That was it for Jane. Between jonesing for a cigarette and dealing with Bo’s dismissive manner, she’d reached her maximum capacity for arrogance. “Listen, I don’t want to be here anymore than you want me here!”
Bo jerked the cigar out of his mouth. “ That is the exact attitude I saw comin’ down the pike!” He yelled, pointing over Jane’s shoulder. “There’s the door, little lady!”
“ Enough !” Weyler insisted.
“Boss, I can’t work with this!” Jane’s voice sounded almost too desperate.
Weyler realized he had to take a stand. “Bo, here’s the deal: either you back off Sergeant Perry and try to maintain civility or we walk. What’s it going to be?”
The blood drained from Bo’s face. He suddenly looked like a big kid being disciplined by the principal. Taking a nervous puff on his cigar, he moved uncomfortably in his chair and gestured with his chin to the book and card in Weyler’s hand. “So, see, that’s the first clue,” Bo said, reluctantly acquiescing.
Weyler handed Jane the envelope. The letters on the front, BAWY were written in a hesitant hand. “This looks like the way a kid writes who is just learning to hold a pen,” she mused.
“Could be right handed and he purposely used his left to disguise his handwriting,” Weyler offered.
“Yeah.

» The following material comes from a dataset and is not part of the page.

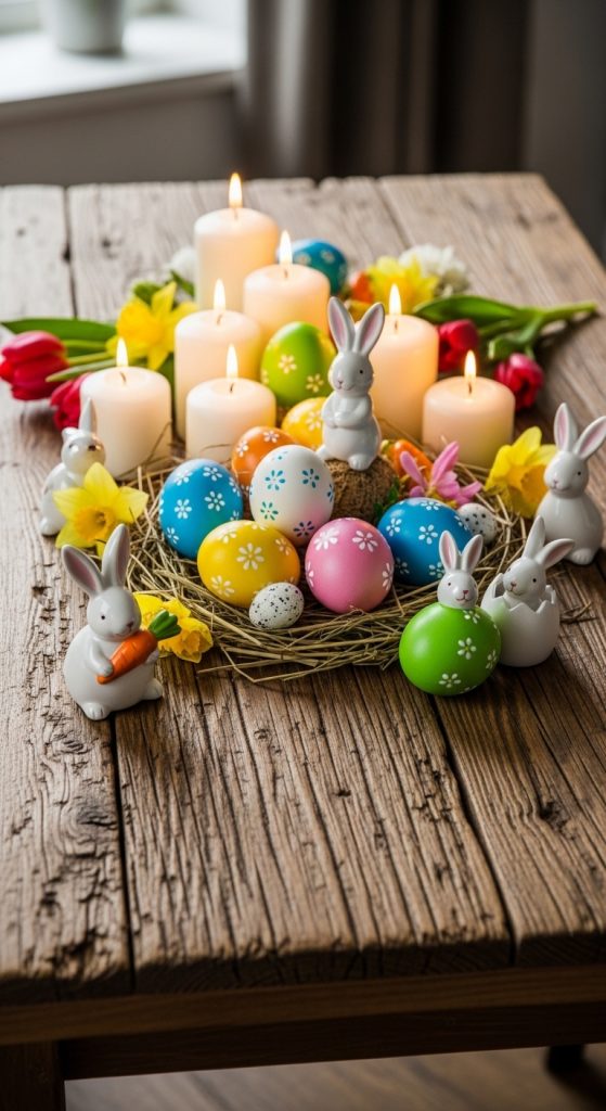 Decorate a small table with Easter eggs, candles, flowers, and bunny figurines. Photograph subjects sitting near the table as if they are preparing for an Easter brunch. Wooden textures and soft colors give the scene a rustic spring aesthetic.

What is a BAWY?”
“Maybe an acronym?” Weyler considered. Now it was Bo who was left out of the discussion.
“If it is, I’ve never heard it.” Jane tried to sound it out. “Be Aware…” She shook her head. “It’s anybody’s guess.”
Weyler slid the card out from the plastic bag and opened it. “’So sorry for your loss. JACKson sends his regards.’” Weyler compared the shaky printing from the outside of the envelope to the inside of the card and was confident the same hand wrote both. “The boy’s name is Jake. Why is he referring to him as Jackson and emphasizing the Jack ?”
Bo nervously shuffled through the papers on his desk. “Let me see here.” Spotting a bright green sheet of paper, he grabbed it and handed it to Weyler. “I had Mr. Van Gorden write down the boy’s full name. That’s what they gave me.”
Jane took a gander at the page. It read: JACKSON JAKOB VAN GORDEN . Her thoughts immediately turned to the misspelling of Jacob she’d given Betty earlier that morning. “Does he call himself Jackson?”
“10-74,” Bo said gruffly. “Parents told me that was his given name but he hated it and went by the shortened version of his middle name.”
“What’s the book?” Jane asked.
Weyler handed it to her. “ You Can’t Go Home Again by Thomas Wolfe.”
“See, You can’t go home again pretty much tells me what the kidnapper is planning for Jake,” Bo surmised.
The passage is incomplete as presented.